Ammuriya (عمورية, also spelled Amuria) is a Palestinian village in the Nablus Governorate of the State of Palestine in the northern West Bank, located south of Nablus. According to the Palestinian Central Bureau of Statistics (PCBS) census, Ammuriya had a population of 371 in 2017. There were 48 households and five business establishments in the village.

In 2012, Ammuriya was joined with al-Lubban ash-Sharqiya into a single municipality called after the latter town.

==Location==
Nearby localities include Iskaka to the north, al-Lubban ash-Sharqiya to the east, Abwein to the south, Arura and Mazari an-Nubani to the southwest and Salfit to the northwest.

==History==
Pottery sherds from Iron Age II, Hellenistic/Roman, Crusader/Ayyubid and Mamluk eras have been found here. A burial cave dating back to the Roman period was found here.

===Ottoman era===
In 1596, it appeared in Ottoman tax registers as "ʽAmmuriya", a village in the nahiya of Jabal Qubal in the Nablus Sanjak. It had a population of 7 households and 1 bachelor, all Muslim. The villagers paid taxes on wheat, barley, summer crops, olive trees, goats and beehives, and a press for olive oils or grapes; a total of 2,000 akçe.

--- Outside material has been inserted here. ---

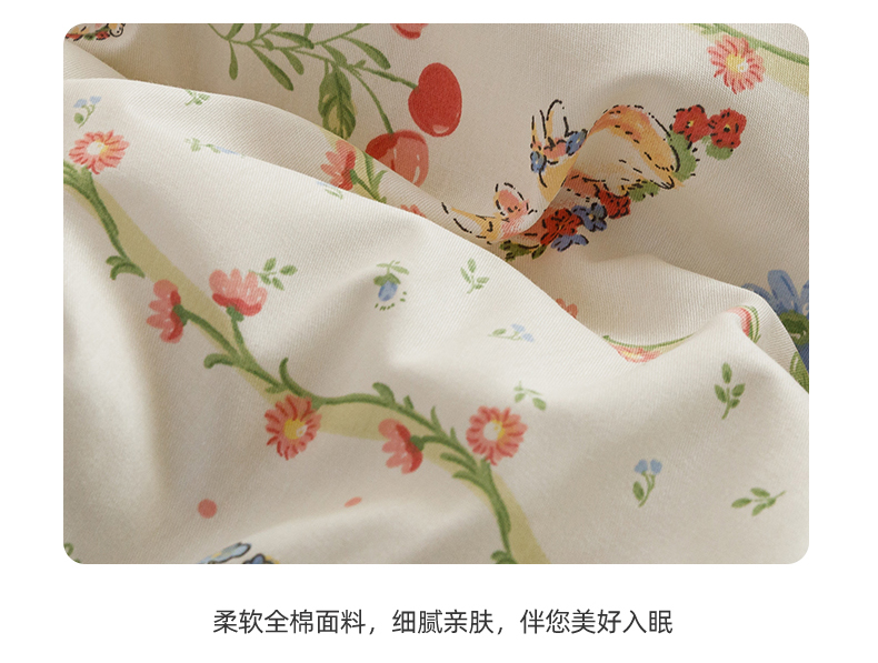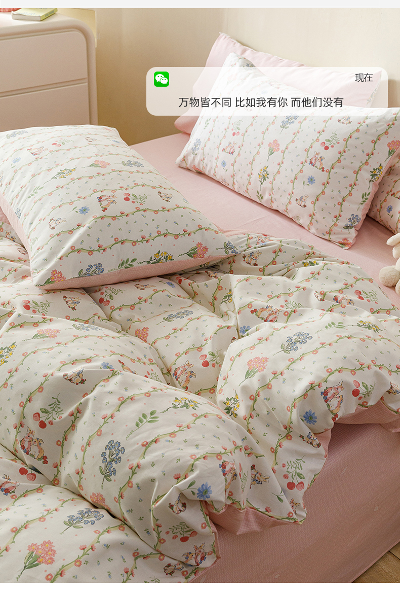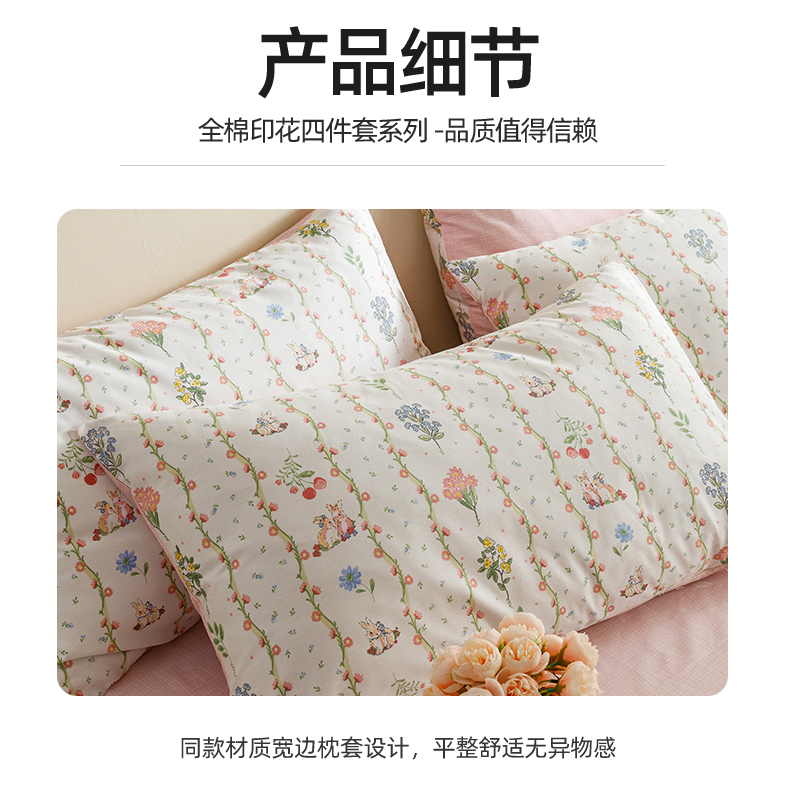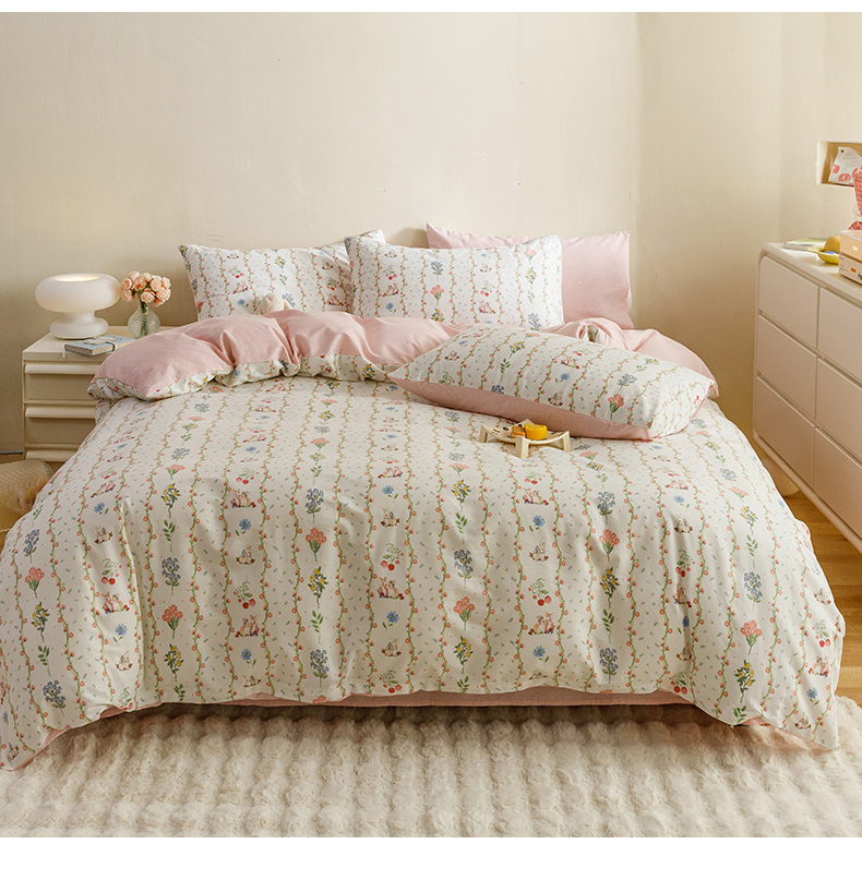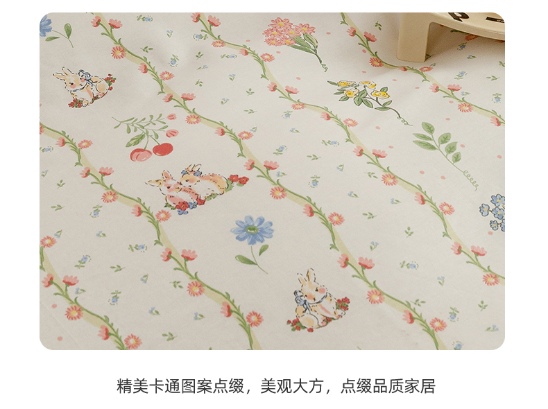 当前位置: 91家纺网 > 商品网购 > 床品套件 > 四件套 > 全棉普通四件套 > 红粉佳人家纺 2024新款纯棉卡通小清新四件套及单品 花间小兔-1

In the 18th and 19th centuries, the village formed part of the highland region known as Jūrat ‘Amra or Bilād Jammā‘īn. Situated between Dayr Ghassāna in the south and the present Route 5 in the north, and between Majdal Yābā in the west and Jammā‘īn, Mardā and Kifl Ḥāris in the east, this area served, according to historian Roy Marom, "as a buffer zone between the political-economic-social units of the Jerusalem and the Nablus regions. On the political level, it suffered from instability due to the migration of the Bedouin tribes and the constant competition among local clans for the right to collect taxes on behalf of the Ottoman authorities."

In 1838, Edward Robinson noted it as a village in the Jurat Merda district, south of Nablus.

In 1870/1871 (1288 AH), an Ottoman census listed the village in the nahiya (sub-district) of Jamma'in al-Thani, subordinate to Nablus.

In 1882, the PEF's Survey of Western Palestine (SWP) described it as "A small village on high ground".

===British Mandate era===
In the 1922 census of Palestine, conducted by the British Mandate authorities, the population was 69, all Muslim, increasing in the 1931 census 85 Muslims in 19 houses.

In the 1945 statistics the population was 120, all Muslims, with 3,112 dunams of land, according to an official land and population survey. Of this, 1,753 dunams were used for cereals, while 6 dunams were built-up land.

===Jordanian era===
In the wake of the 1948 Arab–Israeli War, and after the 1949 Armistice Agreements, ʽAmmuriya came under Jordanian rule.

The Jordanian census of 1961 found 157 inhabitants.

===1967, and aftermath===
In 1967 the village came under Israeli occupation after the Six-Day War, and the same year the population was found to be 130.

In 1997, it was described as "a very small village surrounded by orchards".

In 2012, Ammuriya was joined with al-Lubban ash-Sharqiya in a single municipality called after the latter town.

== Demography ==
The people of Ammuriya have their origins in the area of Jerusalem.